Helen braced herself and said it quickly before she lost her strength. “Samantha, I think that the
project is at a point where you can no longer add anything constructive.” No emotion, she told
herself, I must show her no emotion. “You have attributed more than you’ll ever know to this
project, but you’ve done all you can to defend your original idea. The rest will be left up to
Trask.”

Sam felt a rough breath catch in her throat, and she clenched her jaw. “Are you releasing me from
the campaign?”

Helen hardened her face to mask her anguish, and continued. “Samantha, I will do whatever can
be done to succeed with the campaign, but I just don’t feel that you’re necessary to the project.
I’m sorry.” She said the last with a slip in the mask, just enough that her eyes showed a moment’s
hesitation.

Samantha let out a trembling breath. Shock pounded in her chest, and disbelief ran through her
veins. After seeing all that Helen had been willing to do for Samantha, she couldn’t believe that
that same woman was now the one who was letting her go. She felt betrayed and in some foreign
part of her heart, she felt abandoned.

“If that’s the way you feel, then I’ll just wish you the best on the campaign,” Samantha said in her
most professional voice, as she stood straight and unwavering.
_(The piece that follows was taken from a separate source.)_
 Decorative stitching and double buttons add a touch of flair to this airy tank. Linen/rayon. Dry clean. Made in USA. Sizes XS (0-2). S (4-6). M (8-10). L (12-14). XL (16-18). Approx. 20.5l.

Helen couldn’t leave without letting Sam know in some small way that she knew and that she
cared. “Sam, I truly am sorry, and if you were to ever need a...a friend then I would be honored to
be that friend.” She realized how false she must sound, and could only will Sam to believe her.
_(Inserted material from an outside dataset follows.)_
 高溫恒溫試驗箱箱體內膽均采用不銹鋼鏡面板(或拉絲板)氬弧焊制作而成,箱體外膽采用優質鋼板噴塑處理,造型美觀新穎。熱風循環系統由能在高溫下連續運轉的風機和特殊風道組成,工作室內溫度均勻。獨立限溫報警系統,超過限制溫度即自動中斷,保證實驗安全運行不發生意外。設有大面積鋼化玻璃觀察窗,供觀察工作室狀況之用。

This time when Sam looked at Helen she saw the person that she remembered. They seemed like
two different people, the one who had defended her, and the one who had discarded her. She
begged with her eyes and pleaded with her heart to know why, but Helen didn’t move. “I’ll
remember that,” Sam said in a cold distant voice.

Helen faltered, and nodded a deeply felt farewell to someone she believed she might never see
again. Samantha walked her to the door, and watched as she walked away down the hall. Just as
she was about to round the corner, Helen turned, and looked at Sam with tormented blue eyes,
and she said, “I hope you feel better soon.” She disappeared around the corner then, and Sam
looked on in disbelief.

When Helen reached the elevator, and after the doors had closed, she squeezed her eyes shut and
leaned her head against the cool of the mirror on the wall. She rubbed her hand back and forth
over her eyes pushing her last image of Sam into the back of her mind. She thought of a million
different ways she could have handled the last ten minutes of her life. She could have told her the
truth, that she knew Sam was sick, she could have been waited until Sam was ready to tell her,
she could have allowed Sam to continue working, she could have...
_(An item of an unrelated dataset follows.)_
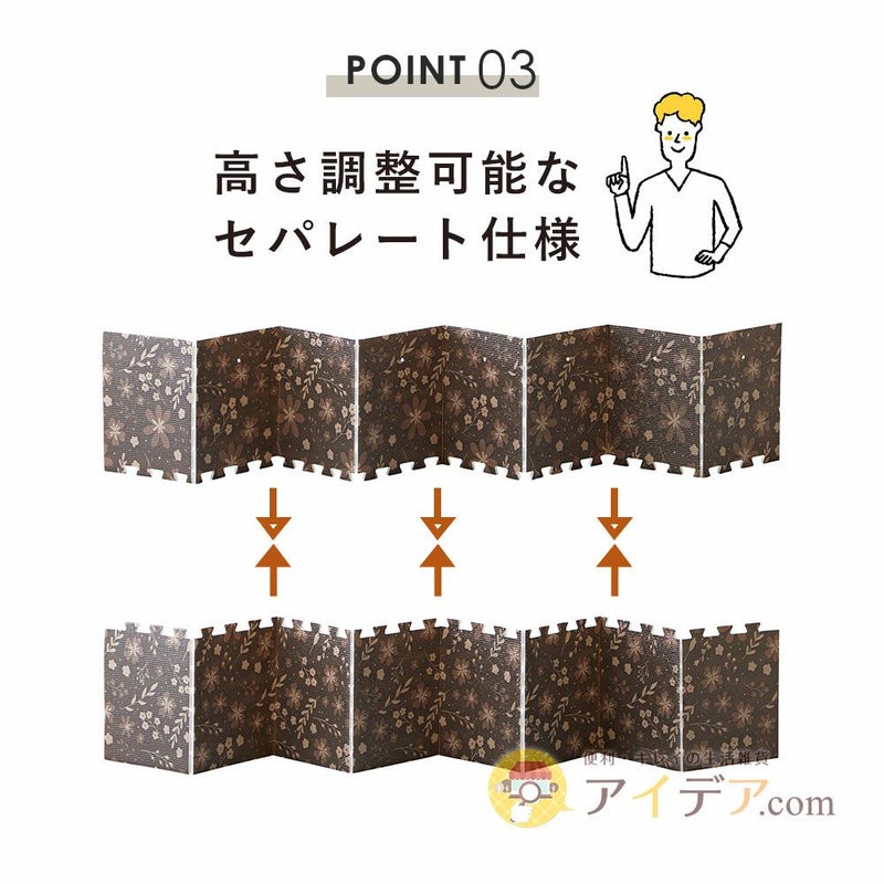 | ■使用上のご注意 | ●材質の特性上、接地面・ジョイント部に若干のすき間ができる場合があります。●ファンヒーターやストーブなどに近づけないでください。●過度に強く引っ張ったり鋭利なものなどで突いたりしないでください。●窓際で使用する場合、結露が付き本品や床が濡れてしまう場合があります。●本品は非常に軽い素材を使用しているため、窓を開けると風によって倒れる場合があります。事前に風のあたらない場所に片付けてから窓を開けるようにしてください。●材質の特性上、時間の経過とともに劣化、変色する場合があります。●日光や蛍光灯に長時間あてると変色する恐れがあります。●色や柄の出方は商品によって異なります。●お子さまが本品で遊ばないようご注意ください。●使用感には個人差があります。●包装用の袋で遊ばないでください。窒息など思わぬ事故の原因となります。●火気厳禁。 | ||

A single tear slipped down her face, hot and fiery on her cheek She brushed it away hastily with
the back of her hand, and drew a deep trembling breath. When she had reached her car she looked
up to where she thought Sam’s apartment might be, and she thought she saw Samantha there
looking back at her, a silhouette in the window with her hand pressed against the glass beckoning
farewell. Or had she imagined it? She turned reluctantly and drove away, out of the parking lot,
and onto the road.

From her third story window Samantha pulled her hand away from the glass, and turned with her
back to the wall. She slid down to the floor with her hands wrapped around her knees. She looked
around the room that was her studio, and she wished the world, including Helen Riley, away from
her mind, and her heart.

 

Chapter 11

When Helen reached her office, she made a determined phone call to Bryan Trask’s home, the
President of Trask Media. She knew that going over Charlie’s head and straight to his father, that
she was putting her job at risk, but she was beyond the point of feeling intimidated by that
possibility. Bryan’s wife, Gina answered in a polite southern accent, and she made mannerly
conversation with Helen while Bryan made his way to the phone. When he came on Helen
professionally explained to the company president her account of the progress, or lack thereof, of
a multi million dollar advertising campaign. He became instantly concerned and in his voice, Helen
could hear that Bryan Trask had expected as much from his son, and that he was determined to
set the company right.

She hung the phone up, and collected her briefcase, and made her way to the elevator. As she
descended it stopped on the second floor, and Noah Rankin stepped in beside her. He gave her a
friendly nod, and folded his hands behind his back waiting for the elevator to reach it’s
destination. As the doors opened they both stepped out, and Noah walked beside her to the front
door.

“Miss. Riley, I think, right? Noah asked. Helen nodded and continued out into the warm evening
air. “What do you think of the design on the ad campaign?”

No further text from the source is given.